## Task item
Everything from the line containing "在remix中获取api并复" through the final line below must be output exactly, both ends included, with nothing else and no pictures.

## Data to use
== Segment start ==

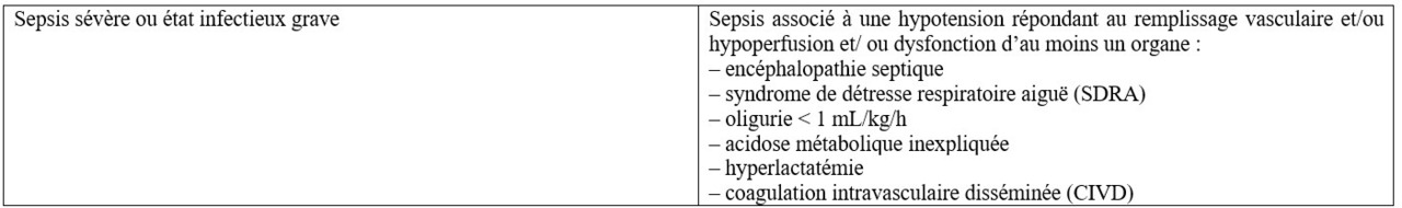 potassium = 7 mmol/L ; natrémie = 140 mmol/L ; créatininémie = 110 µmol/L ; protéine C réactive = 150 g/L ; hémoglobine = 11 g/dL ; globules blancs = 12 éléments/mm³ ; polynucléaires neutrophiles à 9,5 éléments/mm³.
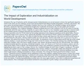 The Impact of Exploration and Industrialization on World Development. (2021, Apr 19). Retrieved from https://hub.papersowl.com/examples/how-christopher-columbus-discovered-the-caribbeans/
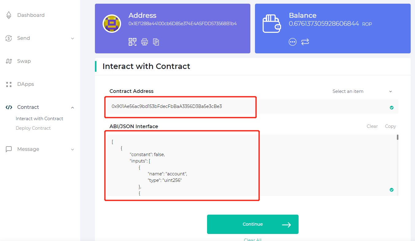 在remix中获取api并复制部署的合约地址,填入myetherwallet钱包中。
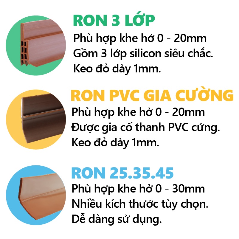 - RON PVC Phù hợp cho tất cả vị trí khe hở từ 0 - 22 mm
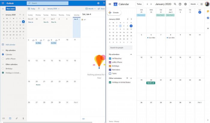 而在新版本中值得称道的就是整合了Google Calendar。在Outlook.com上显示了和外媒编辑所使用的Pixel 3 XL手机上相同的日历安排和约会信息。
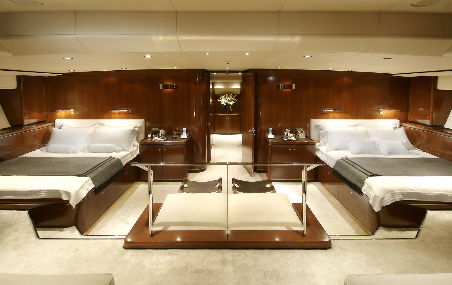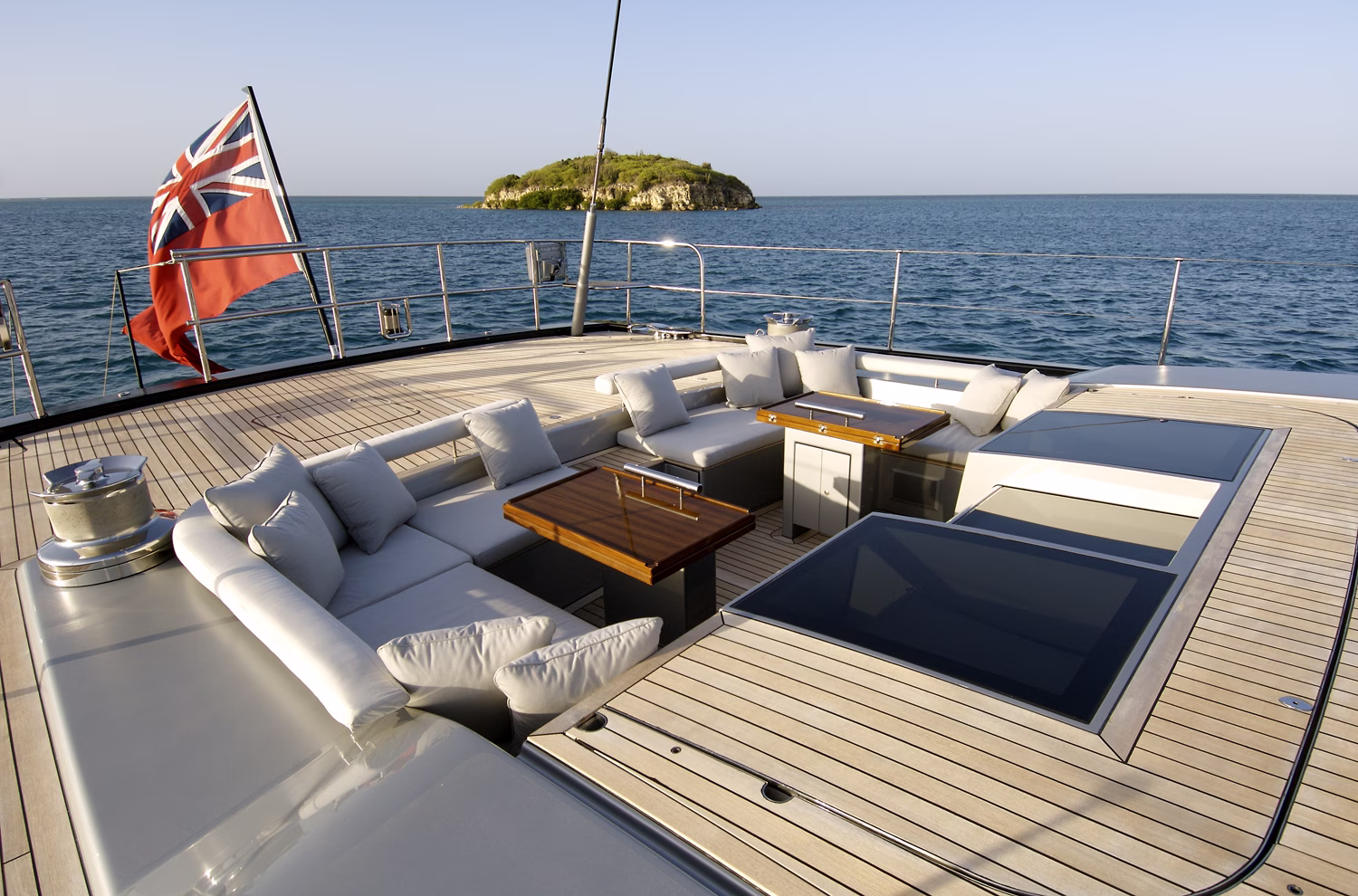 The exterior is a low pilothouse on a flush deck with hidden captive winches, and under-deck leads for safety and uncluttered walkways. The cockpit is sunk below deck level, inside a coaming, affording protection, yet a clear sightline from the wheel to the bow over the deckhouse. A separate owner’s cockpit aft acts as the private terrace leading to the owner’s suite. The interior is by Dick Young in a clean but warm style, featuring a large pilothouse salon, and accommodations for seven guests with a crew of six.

== Segment end ==

## Exercise solution
 在remix中获取api并复制部署的合约地址,填入myetherwallet钱包中。
 - RON PVC Phù hợp cho tất cả vị trí khe hở từ 0 - 22 mm
 而在新版本中值得称道的就是整合了Google Calendar。在Outlook.com上显示了和外媒编辑所使用的Pixel 3 XL手机上相同的日历安排和约会信息。
 The exterior is a low pilothouse on a flush deck with hidden captive winches, and under-deck leads for safety and uncluttered walkways. The cockpit is sunk below deck level, inside a coaming, affording protection, yet a clear sightline from the wheel to the bow over the deckhouse. A separate owner’s cockpit aft acts as the private terrace leading to the owner’s suite. The interior is by Dick Young in a clean but warm style, featuring a large pilothouse salon, and accommodations for seven guests with a crew of six.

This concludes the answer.